**THE TASK**
Give again, word for word, every line in the entries below from the line with "전자칠판 사용에 어려움을" up to and including the line with "鋁加網(wǎng)(www.", and no other line.

**RECORDS**
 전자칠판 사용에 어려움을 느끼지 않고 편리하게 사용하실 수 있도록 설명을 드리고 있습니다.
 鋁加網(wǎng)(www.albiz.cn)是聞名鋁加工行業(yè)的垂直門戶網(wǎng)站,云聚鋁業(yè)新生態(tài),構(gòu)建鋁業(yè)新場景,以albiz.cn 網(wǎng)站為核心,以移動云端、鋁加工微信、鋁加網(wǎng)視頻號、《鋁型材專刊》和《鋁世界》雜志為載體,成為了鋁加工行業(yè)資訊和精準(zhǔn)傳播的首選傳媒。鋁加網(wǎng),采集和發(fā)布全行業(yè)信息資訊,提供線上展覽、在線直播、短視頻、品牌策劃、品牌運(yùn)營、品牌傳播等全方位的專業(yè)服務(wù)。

--

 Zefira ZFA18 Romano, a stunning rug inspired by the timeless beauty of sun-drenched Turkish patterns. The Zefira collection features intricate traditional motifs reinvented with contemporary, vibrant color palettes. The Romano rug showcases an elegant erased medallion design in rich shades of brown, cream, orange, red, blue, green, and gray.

**EXPECTED OUTPUT**
 전자칠판 사용에 어려움을 느끼지 않고 편리하게 사용하실 수 있도록 설명을 드리고 있습니다.
 鋁加網(wǎng)(www.albiz.cn)是聞名鋁加工行業(yè)的垂直門戶網(wǎng)站,云聚鋁業(yè)新生態(tài),構(gòu)建鋁業(yè)新場景,以albiz.cn 網(wǎng)站為核心,以移動云端、鋁加工微信、鋁加網(wǎng)視頻號、《鋁型材專刊》和《鋁世界》雜志為載體,成為了鋁加工行業(yè)資訊和精準(zhǔn)傳播的首選傳媒。鋁加網(wǎng),采集和發(fā)布全行業(yè)信息資訊,提供線上展覽、在線直播、短視頻、品牌策劃、品牌運(yùn)營、品牌傳播等全方位的專業(yè)服務(wù)。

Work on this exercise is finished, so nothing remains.